1971 novel by Lin Carter

The Quest of Kadji is a fantasy novel by American writer Lin Carter, the first book of the Chronicles of Kylix series. It was first published in paperback by Belmont Books in July 1971, and was reprinted in December 1972. The first edition in the United Kingdom was published by Five Star Books in 1973. Wildside Press issued a trade paperback edition in December 1999 and an ebook edition in August 2014. The novel has been translated into Dutch, Portuguese and French.

==Plot summary==
Each volume of the Chronicles of Kylix is set on a different world in the magical solar system of the fictional star Kylix in the constellation of the Unicorn. The system consists of the five planets Zao, Olymbris, Thoorana, Zephrondus and Gulzund. The Quest of Kadji takes place on Gulzund.

Kadji of the Kozanga Horde, young grandson to the aging warrior Zarouk, has been tasked by his grandfather with dethroning Prince Yakthodah, usurper of the throne of the Dragon Emperor. To aide him the chiefs bestow on him the sacred meteor-forged Axe of Thom-Ra. Crossing the Kylix-sun scorched plains on Haral, his faithful black Feridoon pony, Kadji rides into the capital to vanquish his nemesis, knowing full well this will mean his own painful end. He is accompanied on his quest by the magician Akthoob and the red-haired princess Thyra with her wolf companion.

==Reception==
Robert M. Price calls The Quest of Kadji "a passable Carter effort typical of the period," likening it to such other works of the 1970s as Amalric, The Black Star and the Gondwane Epic.

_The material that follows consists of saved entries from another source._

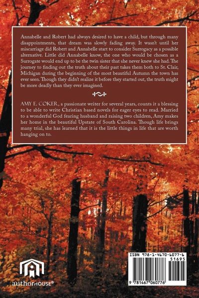 Annabelle and Robert had always desired to have a child, but through many disappointments, that dream was slowly fading away. It wasn't till her miscarriage did Robert and Annabelle start to consider Surrogacy as a possible alternative. Little did Annabelle know, the one who would be chosen as a Surrogate would end up to be the twin sister that she never knew she had. The journey to finding out the truth about their past takes them both to St. Clair, Michigan during the beginning of the most beautiful Autumn the town has ever seen. Though they didn't realize it before they started out, the truth might be more deadly than they ever imagined.
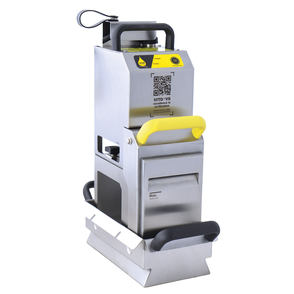 The filtered oil is immediately ready for reuse, making your kitchen operations even more efficient. The VITO VS impresses with its compact and modern design, ensuring easy handling. A QR code on the unit’s control panel provides direct access to a dedicated VS webpage with all essential information at a glance.
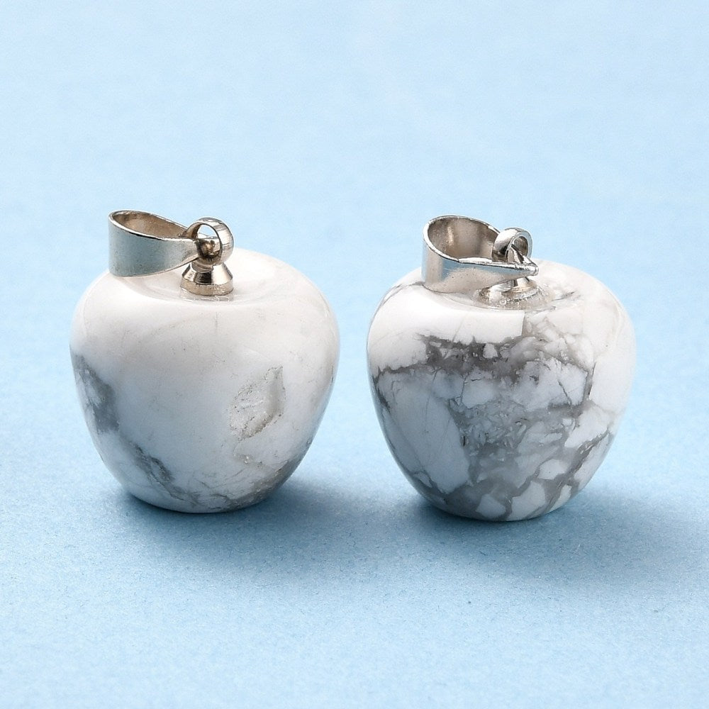 Pendentifs howlite naturel, en laiton platine, pomme, 14~15x14x14mm, Trou: 6x3mm
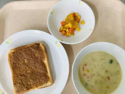 きなこバタートースト パンプキンサラダ コーンクリームサラダ 牛乳
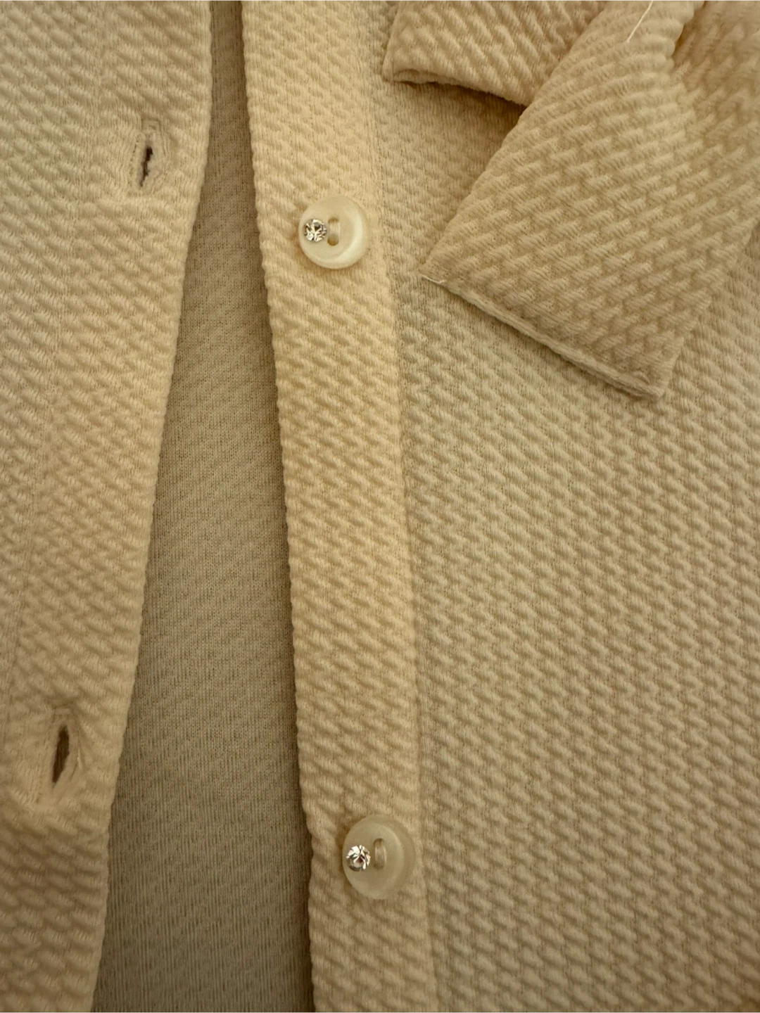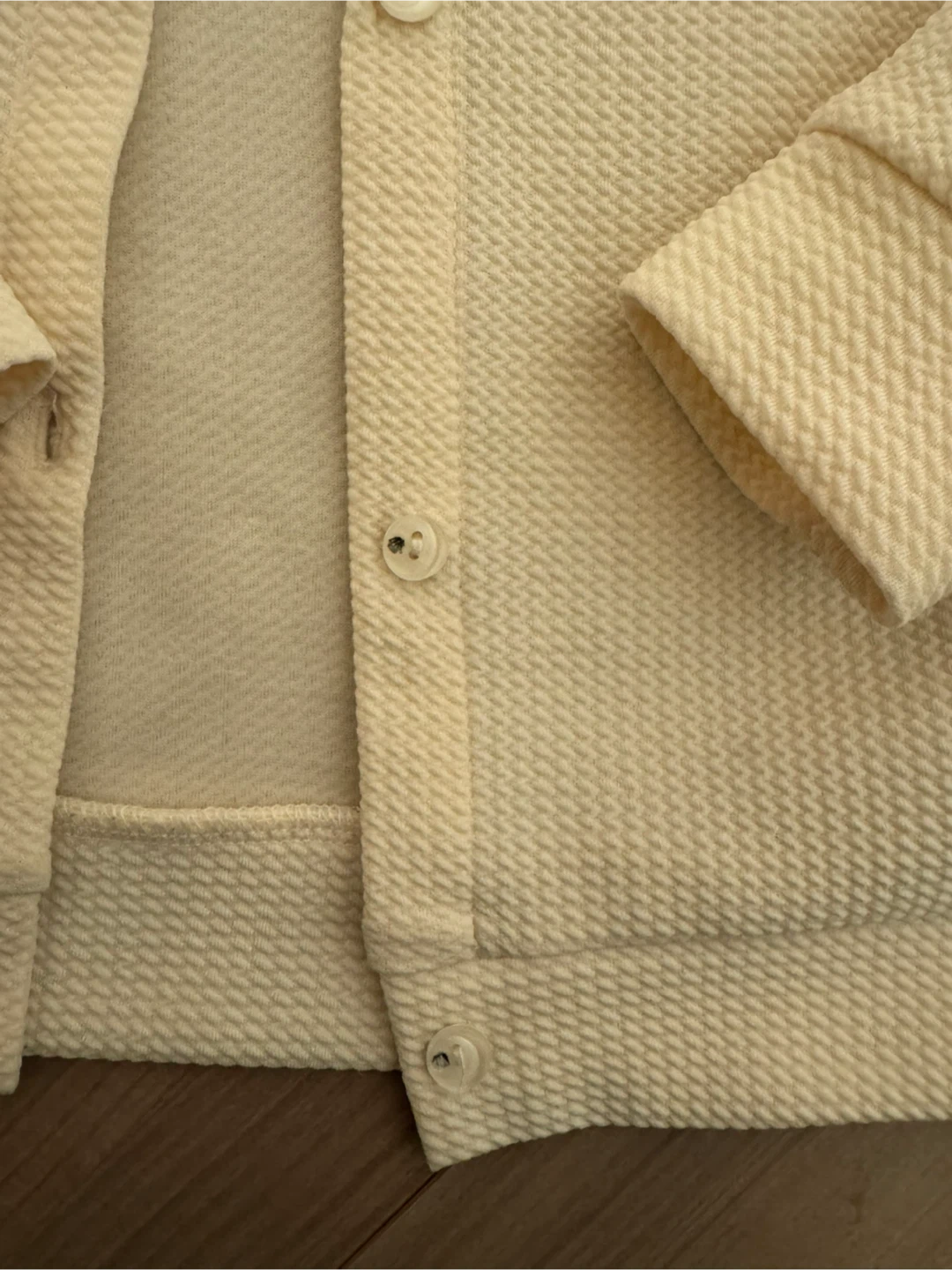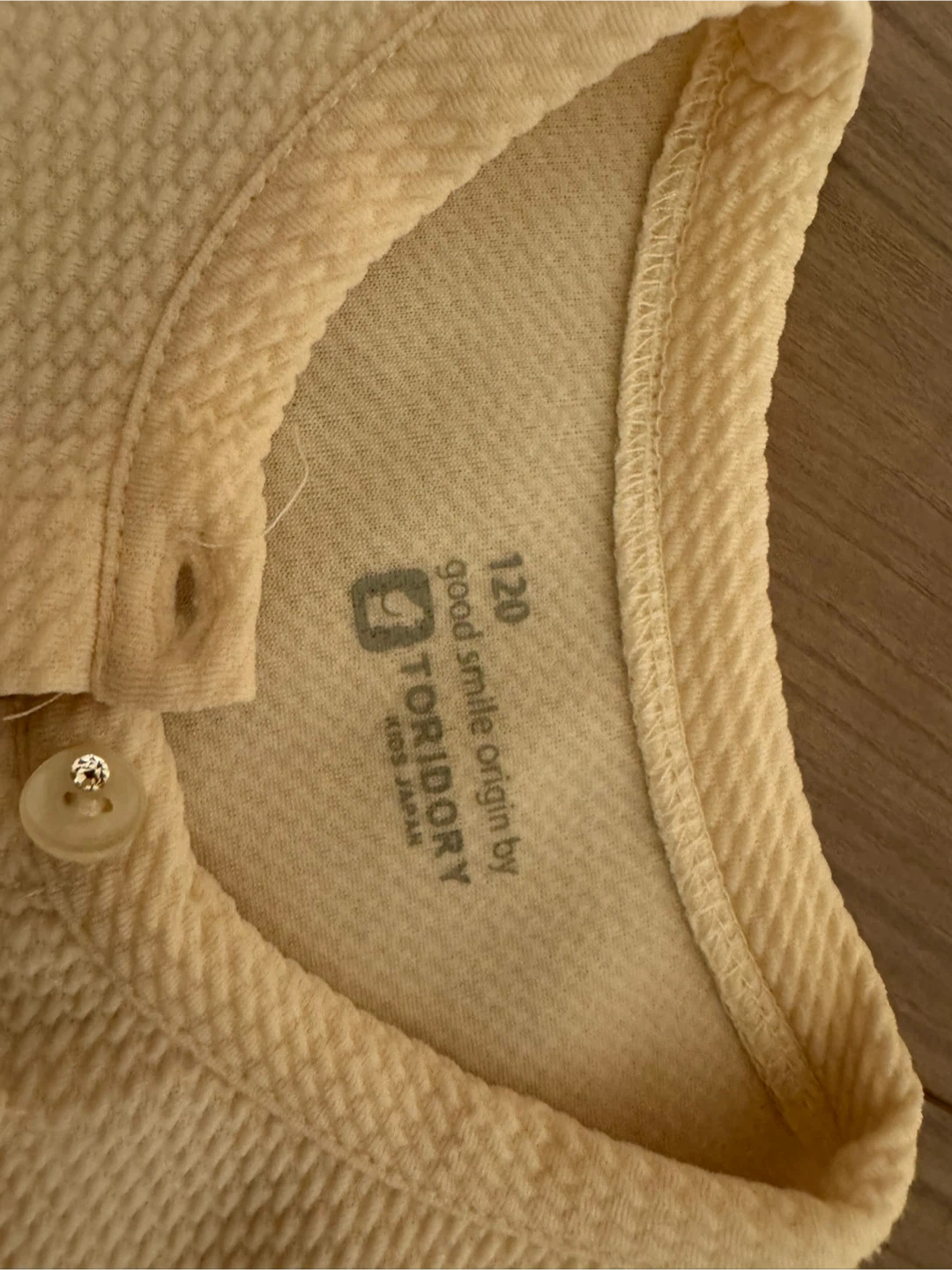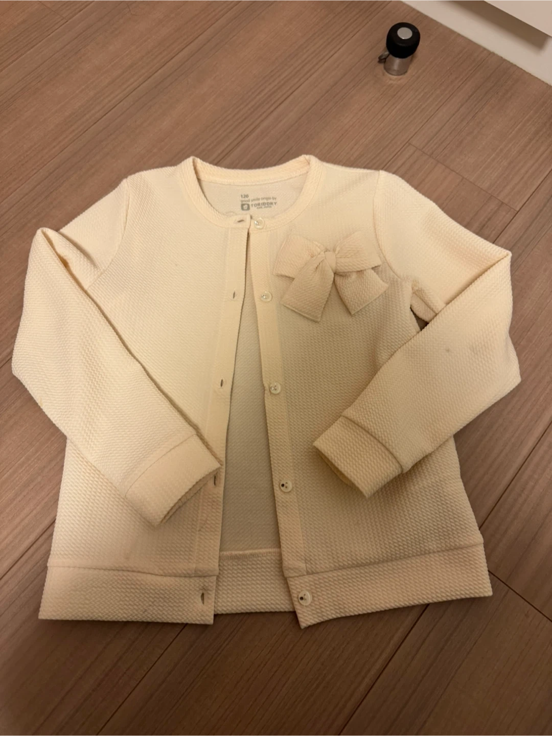 トリドリーのキッズカーディガンです 【情報】 ブランド:トリドリー サイズ:120 色:オフホワイト 素材:ポリエステル100% 【状態】 使用感少なめ ボタンのストーンが二つとれています (下の2個) 中古品であることご了承ください
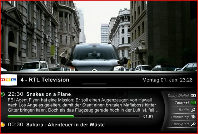 Gelatieri Posted June 1, 2009 Posted June 1, 2009 (edited) Hallo eine frage, als ich den DVBViewer neu installiert hatte und mein ImonPad4 eingerichtet hatte, konnte ich während des laufenden TV Programm auf die Taste OK drücken und Das rechzte Bild wurde angezeigt, auch konnte ich mit den "nach oben" tasten (über und unter der OK taste) und mit der "nach unten" die Kanäle wechseln. jetzt wird nur noch das rechte Bild angezeigt, von dem ich gar nicht weiß, was es zu beseuten hat, und wenn ich die "nach unten" taste drücke, wird das Bild auf Pause gesetzt. Kann mir jemand sagen, warum das so ist? edit: ich meine die OSD Anzeige im unetrem 3tel der bilder. Edited June 1, 2009 by Gelatieri Quote
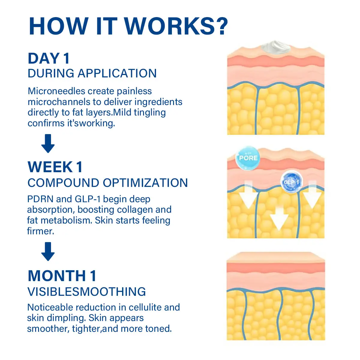 The advanced microneedle technology creates transient microchannels in your skin, allowing PDRN and to penetrate deep into subcutaneous layers where fat transformation occurs.Step 2: Fat Cell Conversion

He notes the presence of the hero's usual "entourage" of a "droll magician" and a "warrior-maid" — "[f]riendly magicians and fair maidens, of course, are staples of Carter's fiction." He also identifies it as a surprising precursor to Carter's later pornographic fantasy Tara of the Twilight (1979), with the heroine Thyra serving as the prototype for Tara, that novel's protagonist.